On her first day on the job, she nailed her response to idiot sexists who kept asking whether she plans to have kids. Now she’s committed to fast-tracking free tertiary education if her party is elected to government next month.

She What Now?

The policy could come into effect as early as next year, with Ardern announcing that “from 2018, everyone who hasn’t studied before will have their first year of study for free”. The full policy, which would eventually allow students to receive three free years of tertiary education, would be fully phased in by 2024. Adern also announced plans to increase student allowances by $50 a week.

Addressing students and media at Western Springs College in Auckland, Ardern said the policy is “maintaining a commitment to all of you — that when you are trained and educated, that benefits all of us, and our New Zealand economy as a whole.” The students met the announcement with huge applause.

Before the announcement, Ardern spoke of the future challenges of increasing automation and a changing job market, and the role governments should play in helping young people prepare for these things.

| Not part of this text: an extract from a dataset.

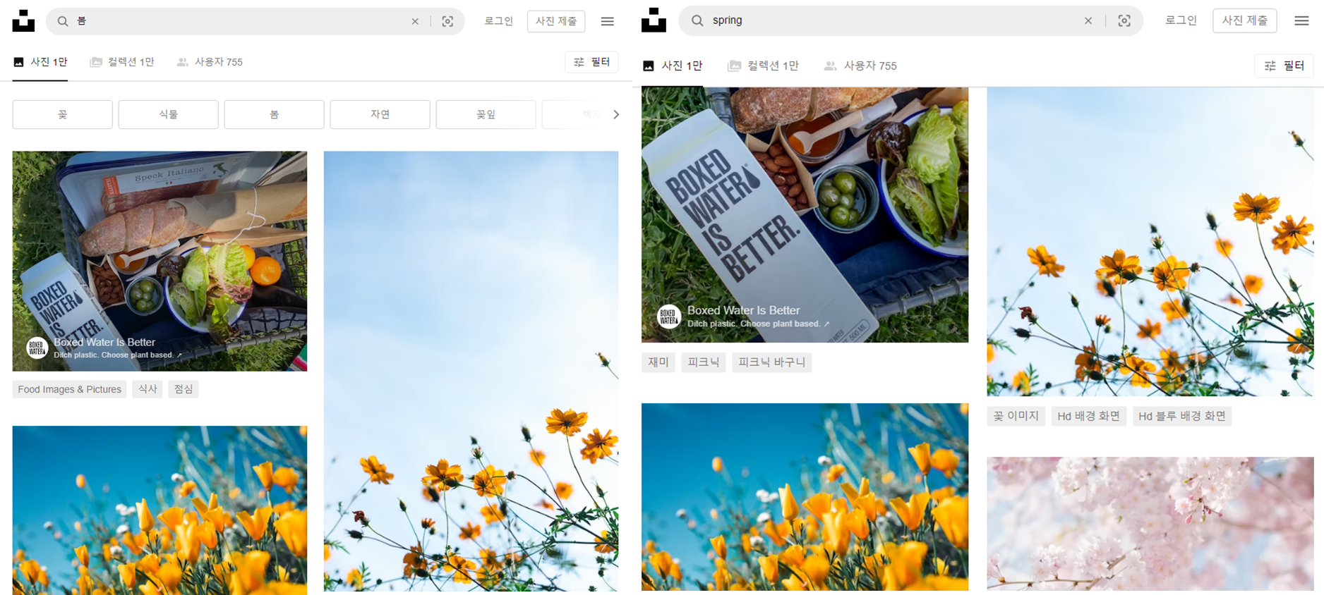 똑같이 '봄'이란 키워드로 검색해보았다.

“Our job isn’t to sit there and try to use a crystal ball to predict the kind of work that you’re going to do, which is going to be amazing,” she told the students. “Our job is simply to make sure we’re helping you prepare for it. Making sure you’ve got all the skills you need to go out there and succeed.”

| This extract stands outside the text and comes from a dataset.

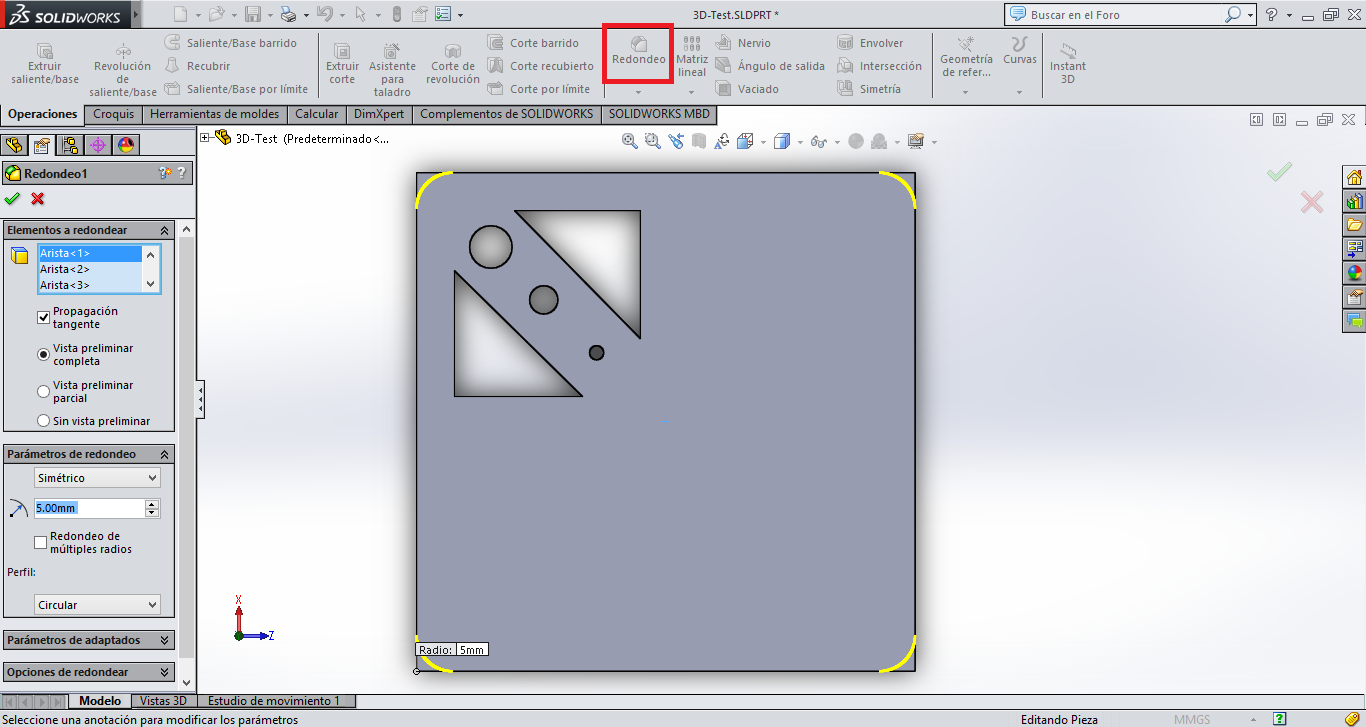In this step I use the command “Rounding” to eliminate the beaks in the corners and for the machine not lift the piece.

“We have an opportunity, to continue to be the country where we always hope to leave New Zealand better than we found it — where we hope to leave more opportunity, more choices, more hope for the next generation than the one before. That’s always something that New Zealand’s aspired to do,” she told students.

“But we’re at a bit of a crossroads, where we’ll either leave a better path for you, or we’ll leave a path that’s actually a little bit harder than perhaps the life that your parents led.”

Ardern also took the opportunity to speak about Labour’s other policy priorities ahead of the election, many of which are also targeted to appeal to young people — for example, addressing the grim housing market and combating environmental degradation. On climate change, she expressed a desire to “be ambitious, to be bold [to] show that New Zealand can actually lead the world rather than follow”.

Lead on, Jacinda Ardern. Speaking from Australia, we’d be more than happy for some of our politicians to pick up their socks and follow.